2009-08-06 08:12:58 | ある被爆者の 記憶
私たちがこの祖父贔屓になると、父はよい顔をしなかった。
 「 なにが貧乏士族が。」
 何度かそう言って、私たちの心に水を差した。
 母方の山路なる姓が、維新の転換期に、お家に功ありとして、お殿様より頂戴したものであるということに及ぶと、
 「 時代が変わろうとする時に、苗字を頂いたと有難がる。お殿様もお殿様なら、家来も家来、時代遅れも甚しい。そうなふうだから、あの時代に、こんな京都に一番近くいながら、誰一人として、維新の時に人物を出せなかった。」
 まるで、学校の歴史の先生が、歴史の汚点を説明する時のように、わざと、侮蔑の語調を強めた。母は争わなかった。決して、それが正論であるからと思っているわけではなく、父の母方に対するひがみからだと信じており、いわば弱者に対する情けとして、口をつぐんでいたのである。
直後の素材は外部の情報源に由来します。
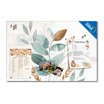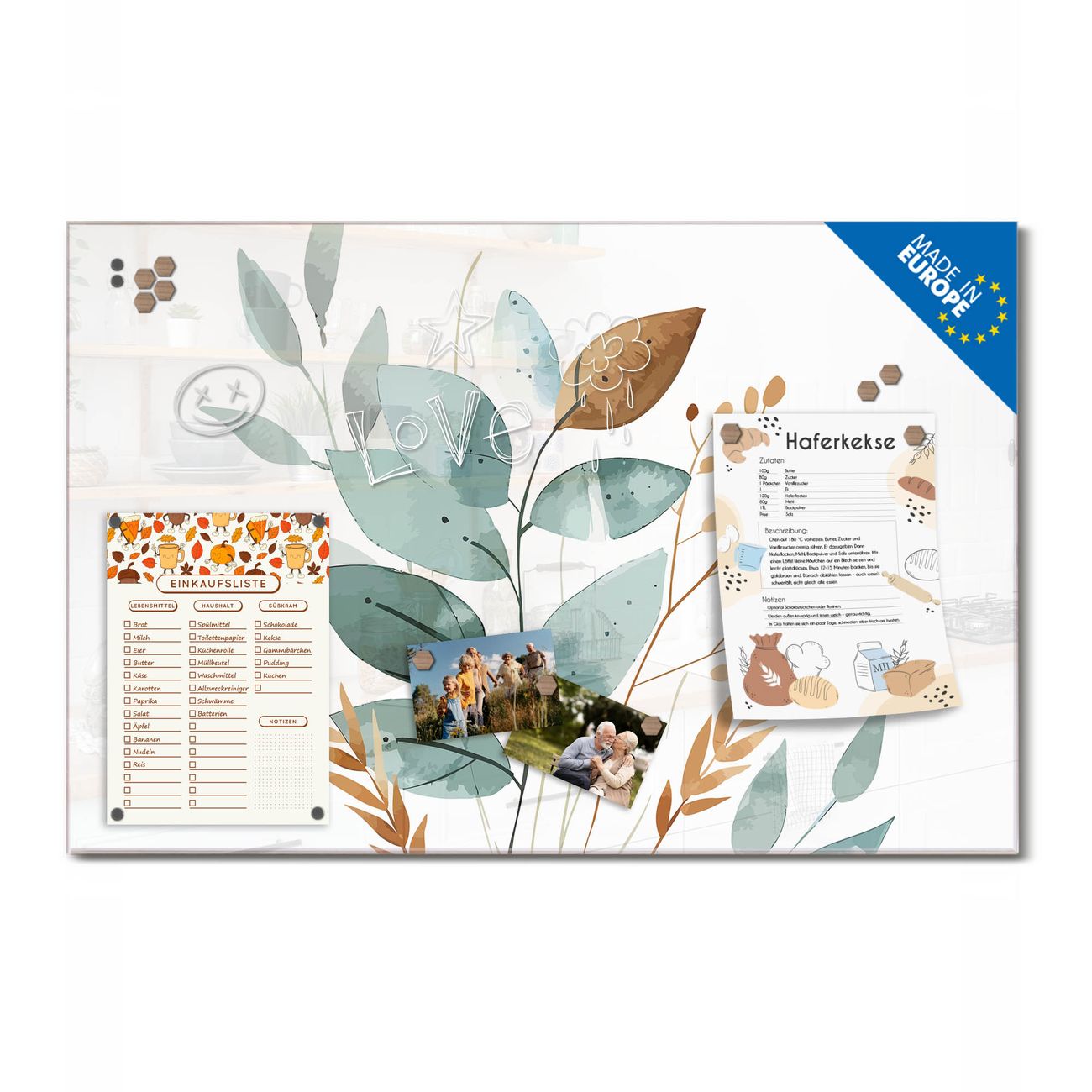 Material: 4mm Sicherheitsglas mit Metallrückwand Eigenschaften: beschreibbar, magnetisch, kratzfest Maße: 75x50x0,6cm, 5,63kg schwer Motiv Nummer 13224 Minimalistische Blätter Zubehör: inklusive 4 Neodym-Magnete
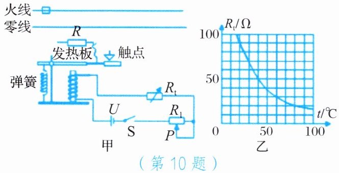 10. 某兴趣小组的同学设计了如图甲所示的恒温水箱温控电路,由工作电路和控制电路组成。工作电路主要元件为一块发热板R,工作时接通,不工作时断开;控制电路中电源电压U恒为30V,热敏电阻$R_{t}$作为感应器探测水温,置于恒温水箱内,其阻值随温度变化的关系如图乙所示,滑动变阻器$R_{1}$上标有"300Ω 1A"的字样,可以调节水箱的最高控制温度。闭合开关S,当通过电磁铁线圈的电流不小于100mA时,衔铁会被吸下,停止加热。(不计继电器线圈的电阻)
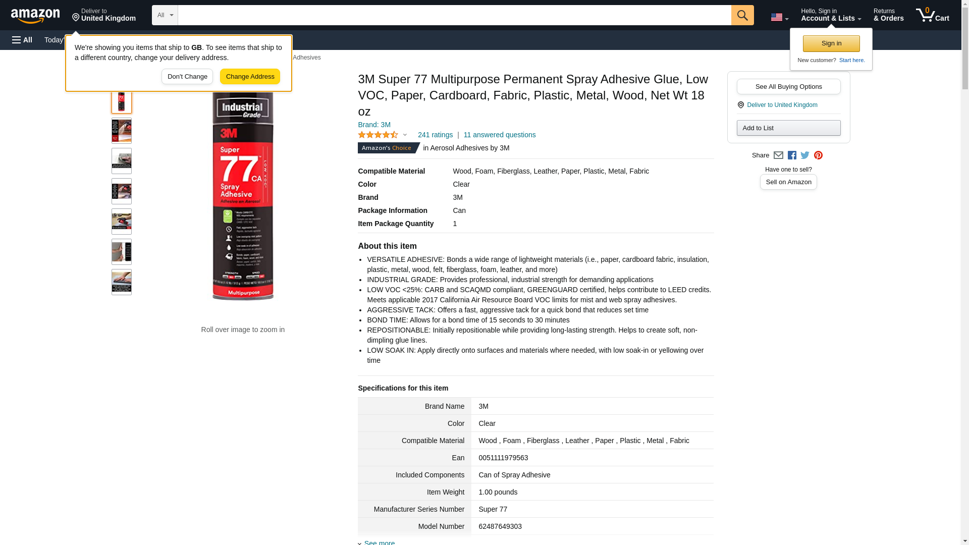 3M Super 77 Spray Adhesive Low VOC< 25% Clear, 24 fl oz can net wt 18.0 oz (Pack of 1)
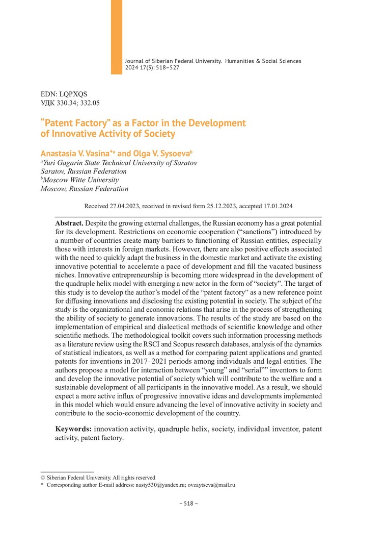 Библиографическое описание:Vasina, Anastasia. “Patent Factory” as a Factor in the Development of Innovative Activity of Society = "Фабрика патентов" как фактор развития инновационной активности в обществе / A. V. Vasina, O. V. Sysoeva. - Текст : непосредственный // Журнал Сибирского федерального университета. Гуманитарные науки. - 2024. - Т. 17, № 3. - С. 518-527. - Библиогр.: с. 526-527. - ISSN 1997-1370.
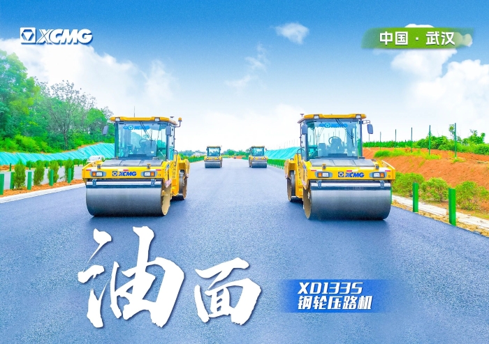緊跟著攤鋪工作上場的,是我們的老朋友——4臺XD133S雙鋼輪壓路機,由它們進行路面初壓及復壓。這款壓路機誕生之出就備受矚目,已經征戰過各類重大工程;尤其它的柔性行駛起停控制技術,能有效消除整機對路面的推擠,避免產生擁包,在提高路面平整度方面的實力有目共睹。
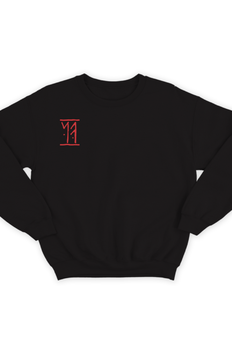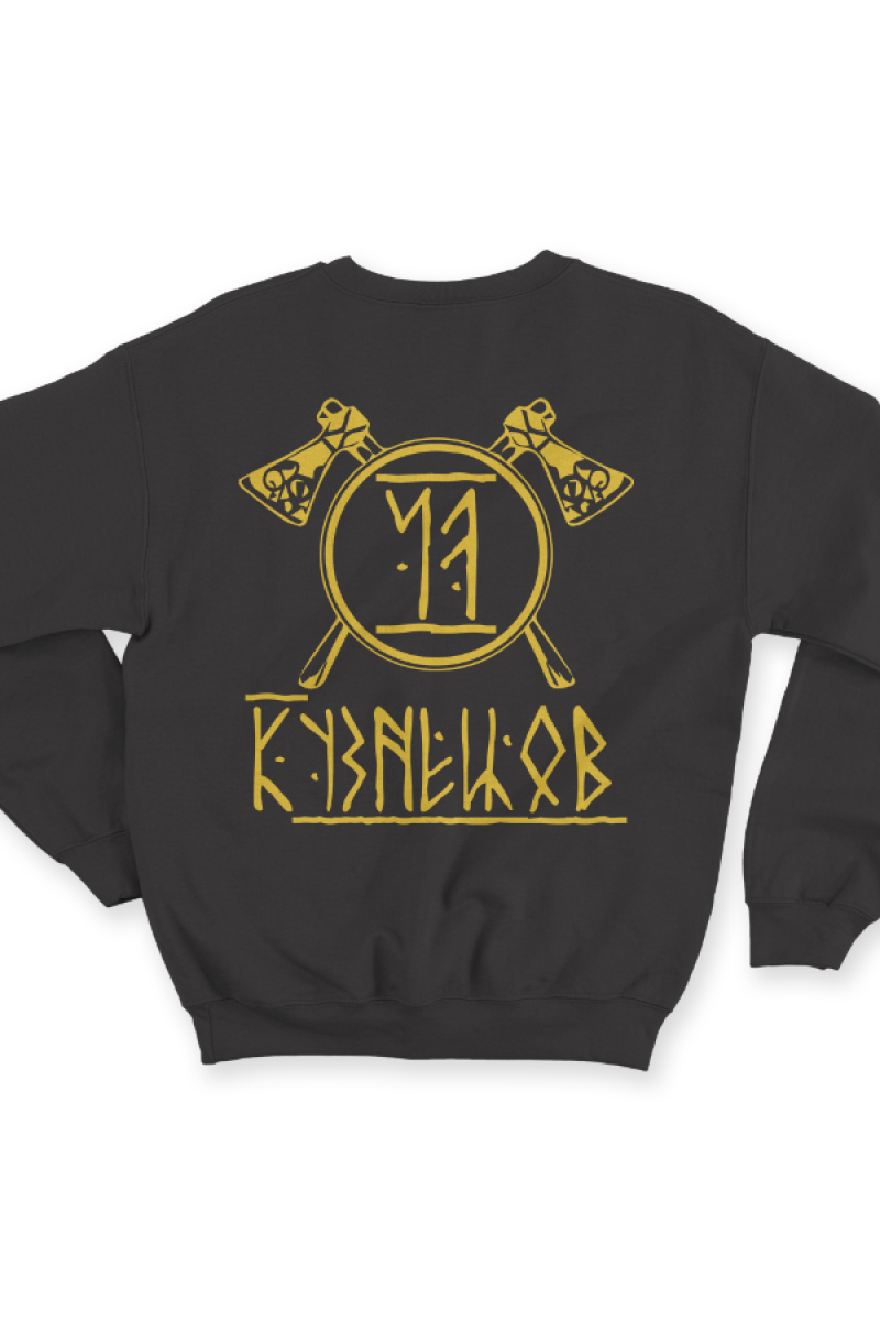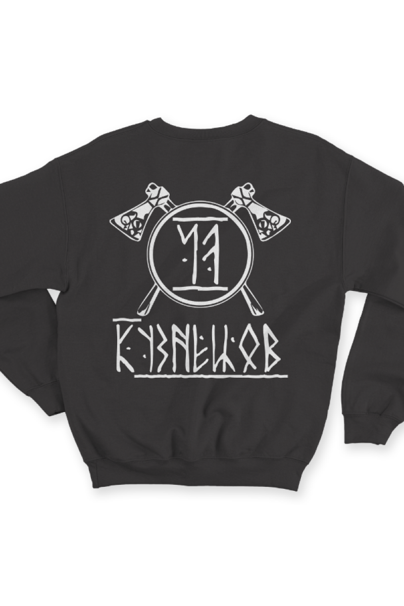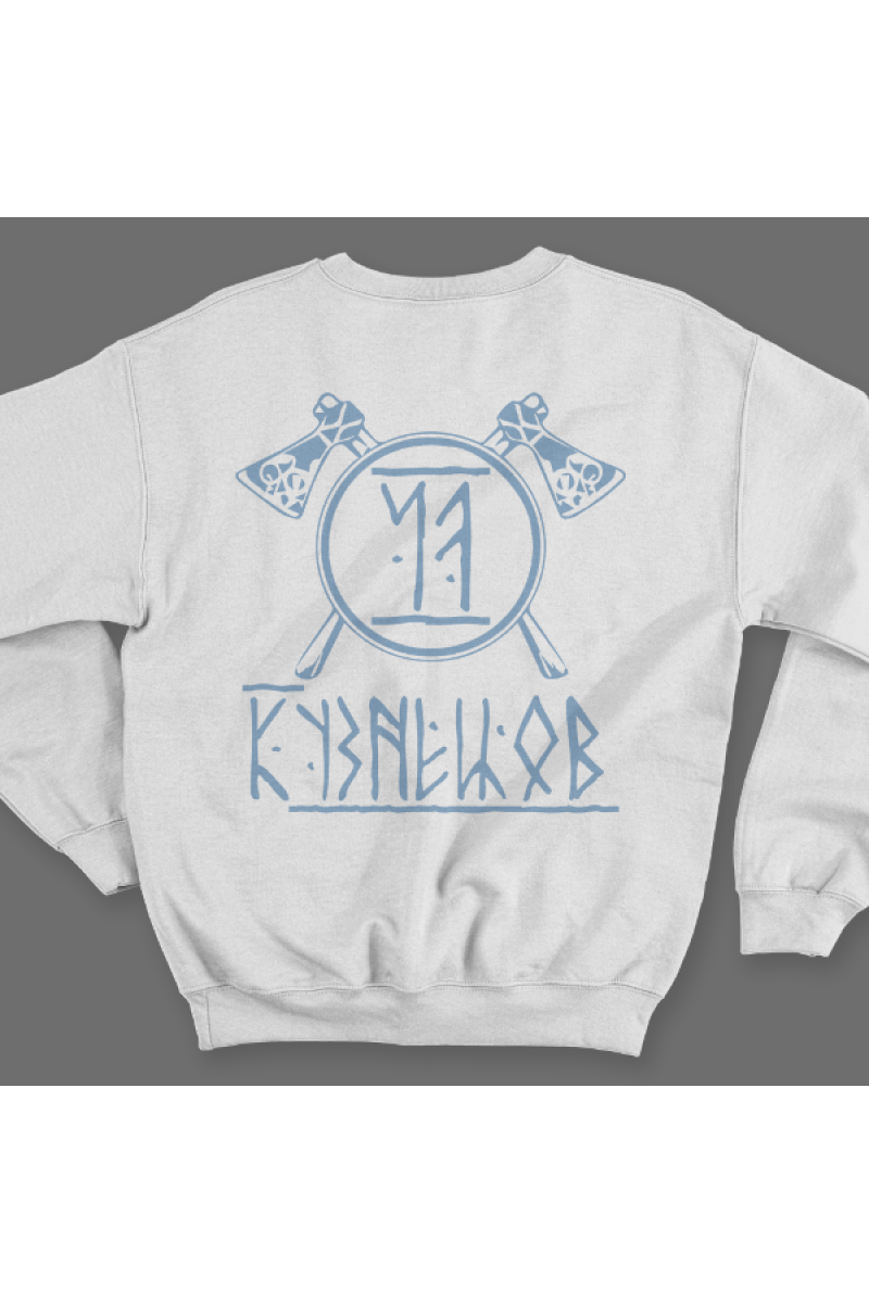Веселый именной свитшот с руническим шрифтом. Помимо надписи на свитшоте есть изображение топоров и щита.
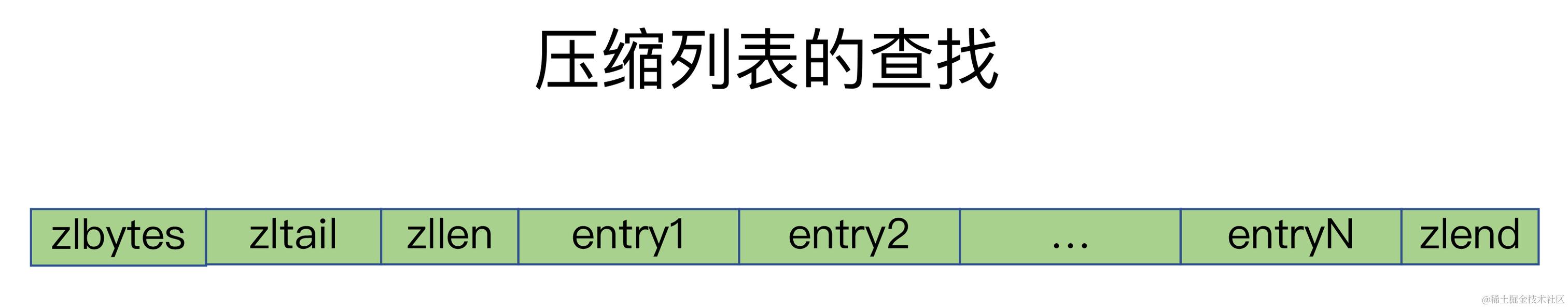压缩列表实际上类似于一个数组,数组中的每一个元素都对应保存一个数据。和数组不同的是,压缩列表在表头有三个字段zlbytes、zltail和zllen,分别表示列表长度、列表尾的偏移量和列表中的entry个数;压缩列表在表尾还有一个zlend,表示列表结束。
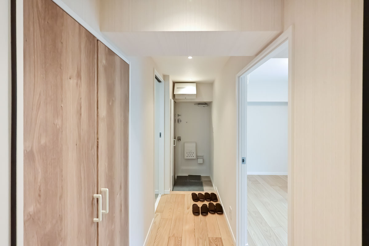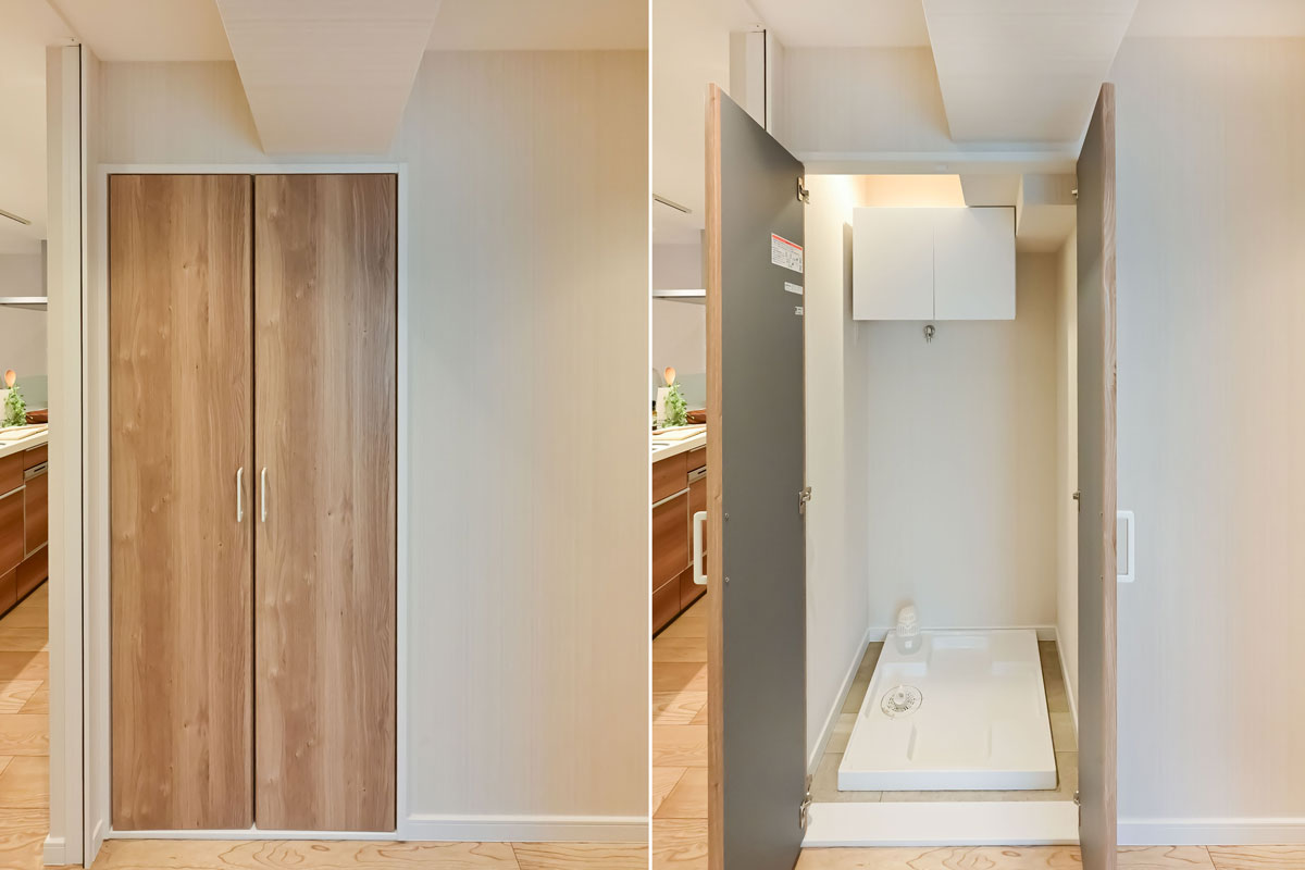 約14帖のLDK、2つの洋室のほかに、約1.5帖の納戸という間取りです。ランドリースペースは廊下に設置。生活しやすい動線になっていて、生活空間にゆとりがあります。
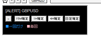 ・15分、1H、4H、日足などが確定するたびにスマホ等に通知することができます(1回のみ、毎回など選択可能)
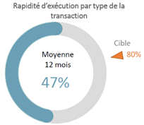 L'indicateur de la rapidité selon le type de transaction indique que le pourcentage moyen de transactions en temps opportun était de 47 % au cours des 12 derniers mois, avec une cible de 80 %.

 しかし、母は、父は憐れな天涯の孤児だと、子どもたちにはこっそり言った。そして、父の父、与三次だけが与次兵衛を名告っていないことをその引き合いに出した。どういう意味か、よく分からなかったが、表立って、両親の愛を受けることが出来なかった境遇であったことが言いたかったのであろう。天涯の孤児にしては、ある程度の教養を持ち、特に能書家であることが、母の言を鵜呑みに出来ないところであったが、父の前では何も抗弁しない母が、そっと私たちに洩らした、折角の腹癒せかと思えば、却って、母をいたわって聞き流していた。それでも、内心には、家の持つ秘密めいた歴史が重くのしかかっていることを直感していた。